In the material below, the lines containing the word "ristampa" are required; copy each of them.

AVAILABLE RECORDS below:

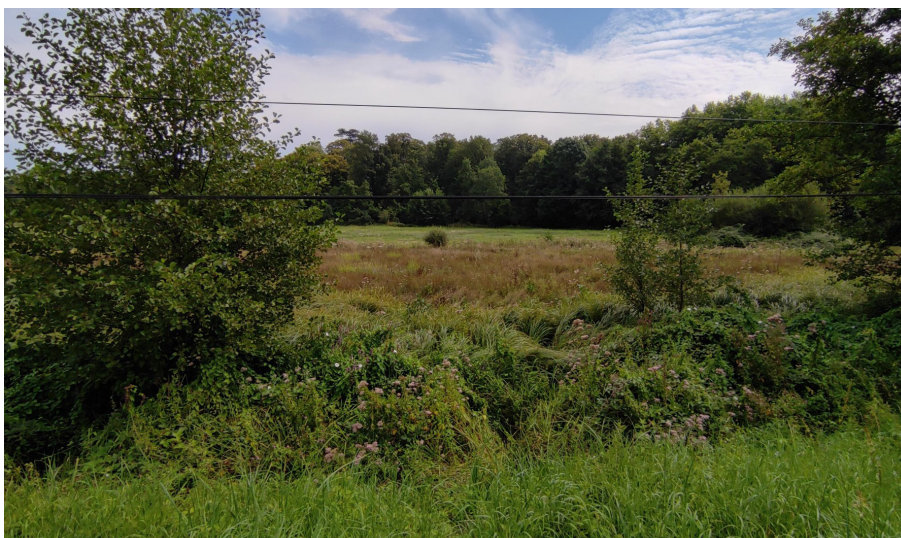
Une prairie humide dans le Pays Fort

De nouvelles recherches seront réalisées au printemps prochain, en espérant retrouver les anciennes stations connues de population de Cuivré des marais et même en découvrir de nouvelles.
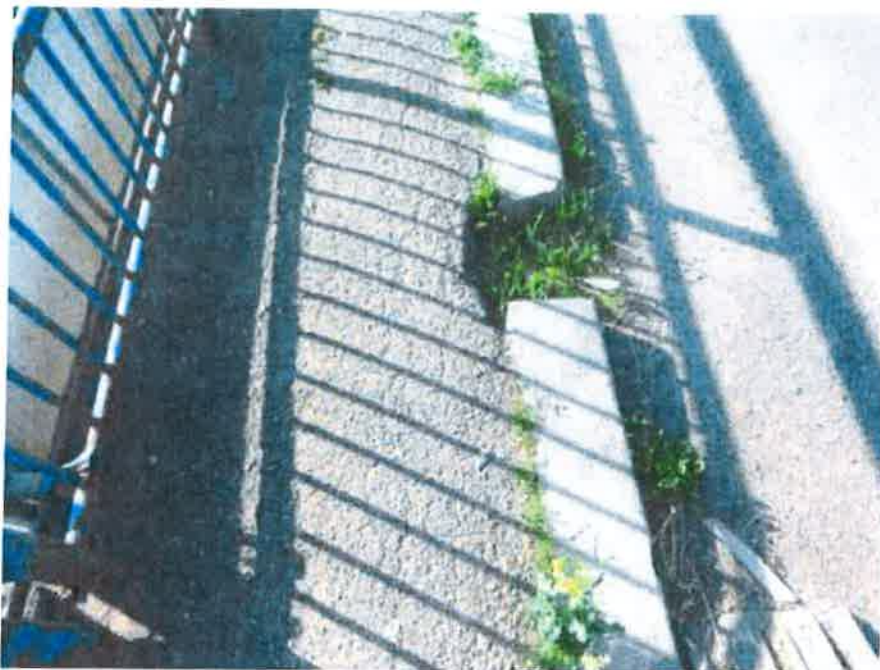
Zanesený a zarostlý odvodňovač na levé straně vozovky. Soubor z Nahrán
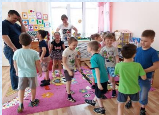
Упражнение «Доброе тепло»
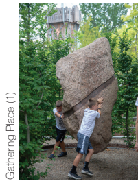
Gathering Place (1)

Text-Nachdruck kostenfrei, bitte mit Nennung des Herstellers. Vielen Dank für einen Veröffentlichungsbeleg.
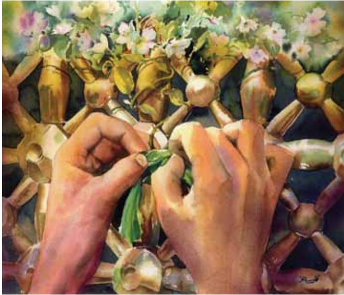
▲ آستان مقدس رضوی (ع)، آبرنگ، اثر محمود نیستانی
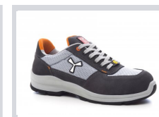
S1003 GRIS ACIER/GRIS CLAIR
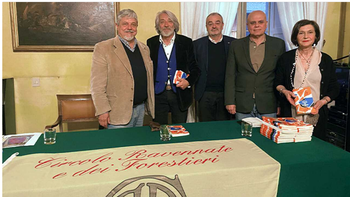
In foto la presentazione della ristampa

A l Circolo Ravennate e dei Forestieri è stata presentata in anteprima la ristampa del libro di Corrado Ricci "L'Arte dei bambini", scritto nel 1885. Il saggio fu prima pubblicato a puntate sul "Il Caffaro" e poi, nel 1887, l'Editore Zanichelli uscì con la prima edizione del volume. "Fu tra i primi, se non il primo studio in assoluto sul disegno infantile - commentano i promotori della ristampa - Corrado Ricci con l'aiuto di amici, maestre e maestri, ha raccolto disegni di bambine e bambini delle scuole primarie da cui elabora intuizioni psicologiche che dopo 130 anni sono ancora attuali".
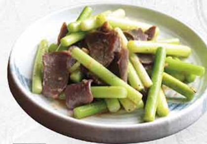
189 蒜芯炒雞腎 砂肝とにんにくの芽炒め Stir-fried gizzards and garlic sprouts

End of AVAILABLE RECORDS.

• [SOLUTION TO THIS PROBLEM]:
In foto la presentazione della ristampa
A l Circolo Ravennate e dei Forestieri è stata presentata in anteprima la ristampa del libro di Corrado Ricci "L'Arte dei bambini", scritto nel 1885. Il saggio fu prima pubblicato a puntate sul "Il Caffaro" e poi, nel 1887, l'Editore Zanichelli uscì con la prima edizione del volume. "Fu tra i primi, se non il primo studio in assoluto sul disegno infantile - commentano i promotori della ristampa - Corrado Ricci con l'aiuto di amici, maestre e maestri, ha raccolto disegni di bambine e bambini delle scuole primarie da cui elabora intuizioni psicologiche che dopo 130 anni sono ancora attuali".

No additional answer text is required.